▶ [Description of the task]: Output the lines of the records exactly, from the first through the one containing "O Kit com 5". Omit all pictures.
[Start of Attachment]
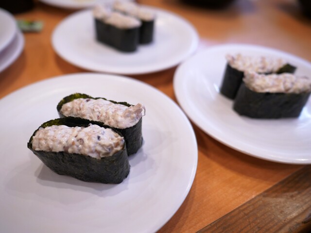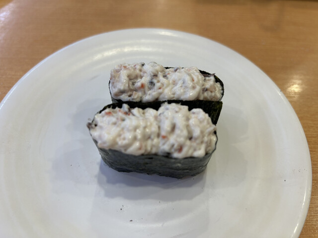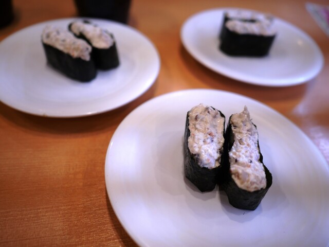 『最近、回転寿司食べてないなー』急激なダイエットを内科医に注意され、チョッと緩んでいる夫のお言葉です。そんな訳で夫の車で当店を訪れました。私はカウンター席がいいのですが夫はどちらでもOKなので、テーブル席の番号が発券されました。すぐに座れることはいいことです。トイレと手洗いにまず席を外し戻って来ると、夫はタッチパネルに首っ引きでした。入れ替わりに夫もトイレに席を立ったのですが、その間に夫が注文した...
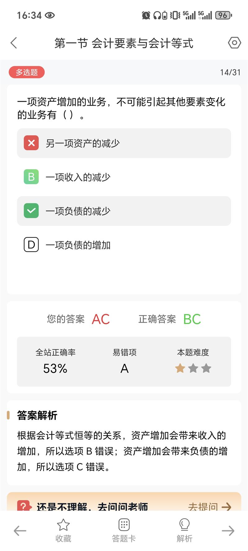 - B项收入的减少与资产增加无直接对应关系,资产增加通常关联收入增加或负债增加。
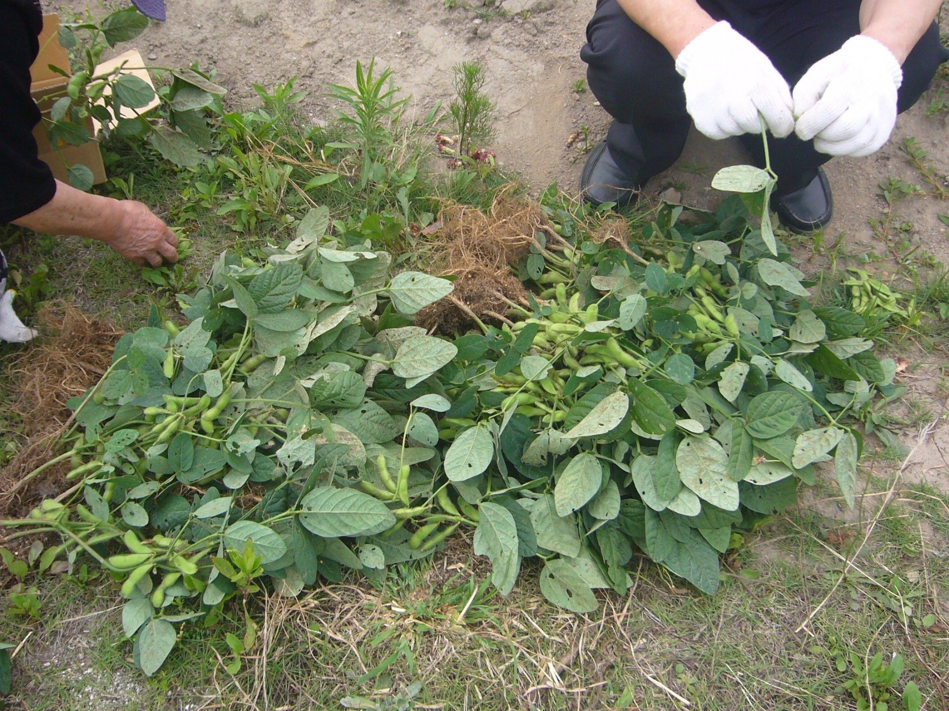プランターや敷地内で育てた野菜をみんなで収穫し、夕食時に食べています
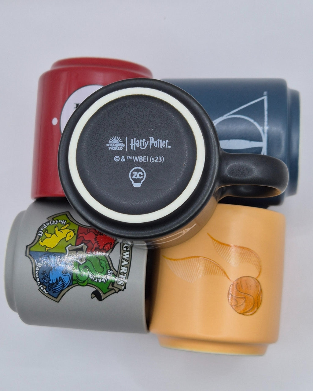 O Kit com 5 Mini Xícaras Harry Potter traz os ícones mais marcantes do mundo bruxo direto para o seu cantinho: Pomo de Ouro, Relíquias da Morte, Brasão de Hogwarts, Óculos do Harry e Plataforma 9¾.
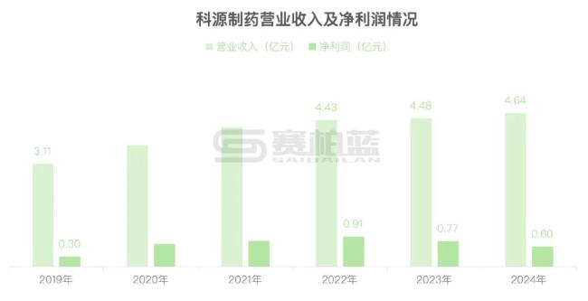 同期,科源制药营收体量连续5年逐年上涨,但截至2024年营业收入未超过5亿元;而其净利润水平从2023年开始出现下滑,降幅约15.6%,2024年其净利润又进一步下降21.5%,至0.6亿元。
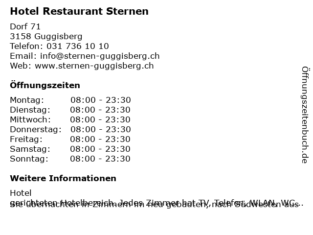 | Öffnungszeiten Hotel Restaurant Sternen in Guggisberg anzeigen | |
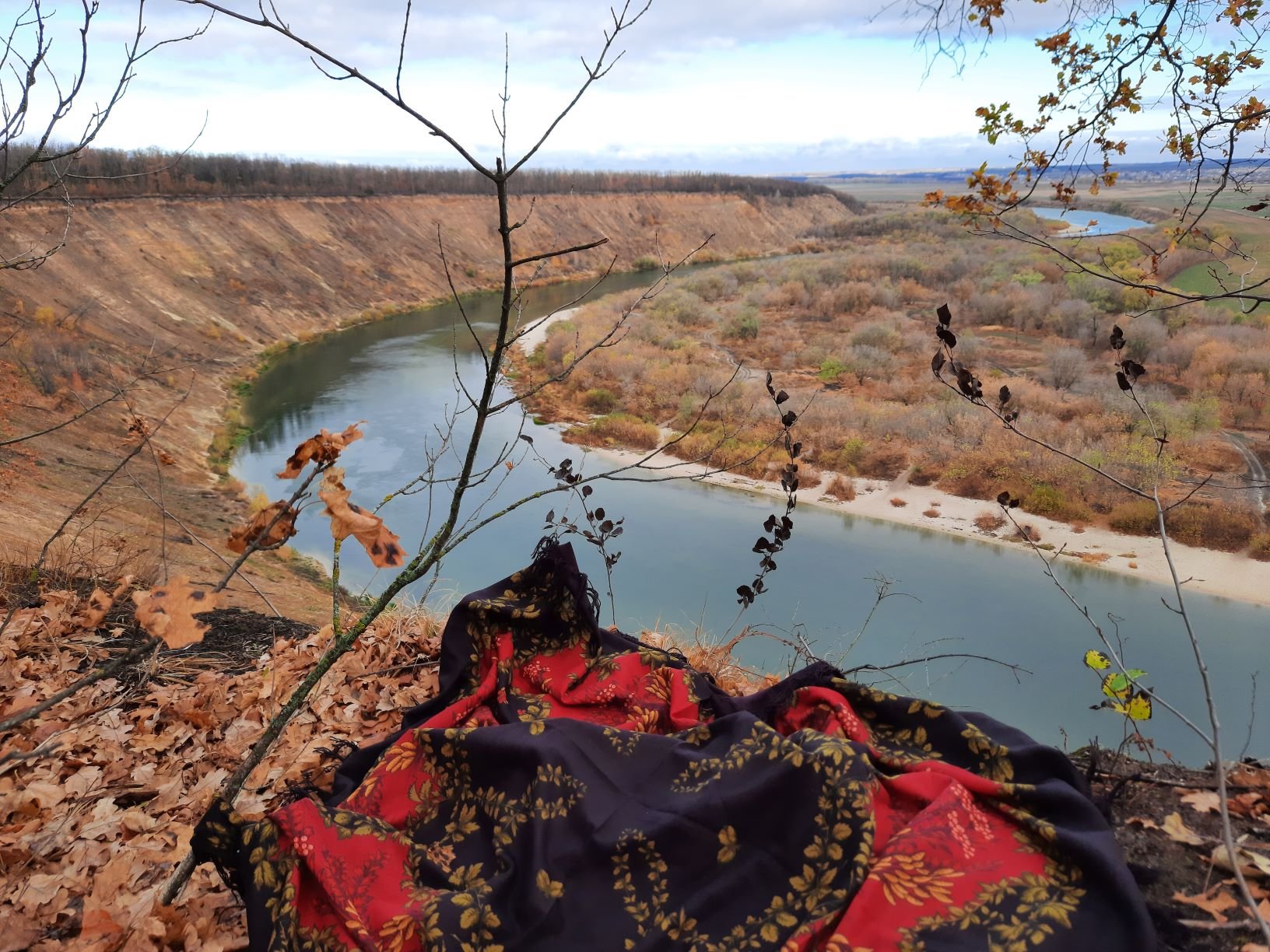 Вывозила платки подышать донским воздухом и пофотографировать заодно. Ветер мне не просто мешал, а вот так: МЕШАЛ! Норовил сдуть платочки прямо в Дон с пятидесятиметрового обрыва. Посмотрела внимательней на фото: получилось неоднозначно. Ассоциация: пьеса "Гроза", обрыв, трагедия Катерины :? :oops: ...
[End of Attachment]
▶ [Result below]:
 『最近、回転寿司食べてないなー』急激なダイエットを内科医に注意され、チョッと緩んでいる夫のお言葉です。そんな訳で夫の車で当店を訪れました。私はカウンター席がいいのですが夫はどちらでもOKなので、テーブル席の番号が発券されました。すぐに座れることはいいことです。トイレと手洗いにまず席を外し戻って来ると、夫はタッチパネルに首っ引きでした。入れ替わりに夫もトイレに席を立ったのですが、その間に夫が注文した...
 - B项收入的减少与资产增加无直接对应关系,资产增加通常关联收入增加或负债增加。
プランターや敷地内で育てた野菜をみんなで収穫し、夕食時に食べています
 O Kit com 5 Mini Xícaras Harry Potter traz os ícones mais marcantes do mundo bruxo direto para o seu cantinho: Pomo de Ouro, Relíquias da Morte, Brasão de Hogwarts, Óculos do Harry e Plataforma 9¾.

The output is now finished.